Всего несколько слов

Михаил Вейцман
    Я не помню своей матери, мне было пять лет, когда её не стало. Отец ушёл в мир иной, когда мне было двадцать два, я хорошо его помню и хочу о нём рассказать.

    Холодная и голодная зима 1919 года, в городе Житомире петлюровские погромы. На окраине Житомира- Смолянке, районе населённым преимущественно еврейской беднотой, в жалкой лачуге на снятой с петель двери лежал мёртвый старик, ему было только 49 лет, а выглядел он так из-за тяжёлой работы и болезни еврейской бедноты –чахотки. Это был мой дед Ошер Вейцман. Вокруг него толпились и рыдали пятеро детей, младшей Мирель было два года, Гене четыре года, Суре семь лет, Хаиму десять лет и старшему, моему отцу Мойше было пятнадцать лет. Бабушка Фейга печально смотрела на детей и думала, как жить дальше.
 
    Но как говорят евреи «Беда не приходит одна» дверь в лачуге распахнулась и в комнатушку шагнул пьяный петлюровец. Испуганные дети забились в угол, оглушив громилу таким пронзительным и трагическим плачем, который веками выработался у гонимого и униженного народа. Бабушка Фейга стала впереди детей, прикрывая их своим телом. Петлюровец остановился и обвёл всех протрезвевшим взглядом, подошёл к мертвецу и плёткой стеганул неподвижное тело «Вставай жид», не получив ответа он ещё раз стеганул плёткой уже по шаткому столу и вышел. В течении Гражданской войны Житомир много раз переходил из рук в руки, еврейское население подвергалось грабежам и насилию со всех сторон, были сотни убитых, тысячи изнасилованных и ограбленных.

    Самыми цивилизованными и спокойными были войска кайзеровской Германии, ненадолго оккупировавшими Украину по условиям Брестского мирного договора. Этим они ввели в трагическое заблуждение большую часть еврейского населения, не эвакуировавшегося в восточные районы Советского Союза, в начальный период Великой Отечественной войны.

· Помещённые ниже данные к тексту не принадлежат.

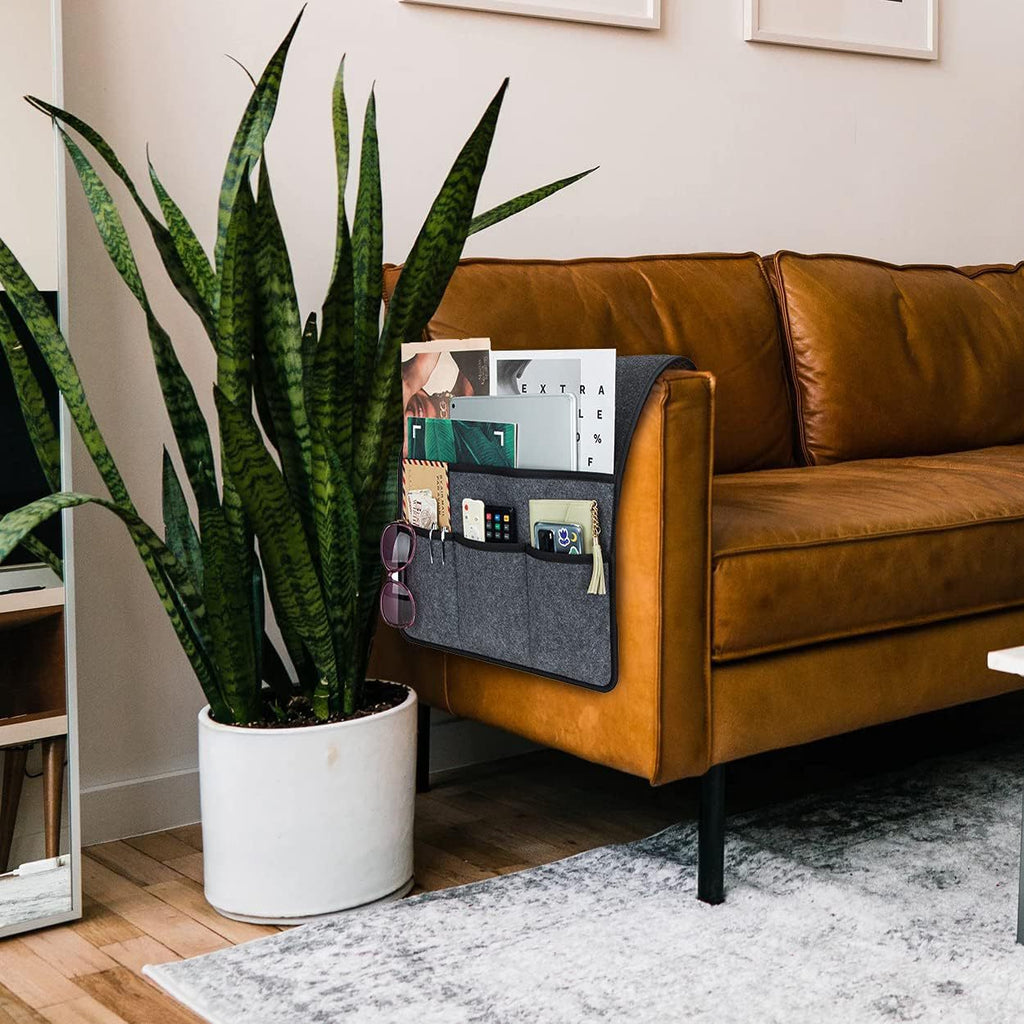 Beige Felt Couch Armrest Organizer - Multifunctional Storage Pouch

Никто не мог поверить, что за два десятка лет, народ, давший мировой цивилизации блестящих философов, учёных и писателей, скатится в бездну расистского мракобесия.

    В 1920 году в Житомире окончательно утвердилась Советская власть, еврейскому населению больше никто не угрожал.  Еврейская молодёжь с воодушевлением приняла Советскую власть, ринулась из затхлых местечек в большие города, с энтузиазмом участвуя в строительстве новой жизни.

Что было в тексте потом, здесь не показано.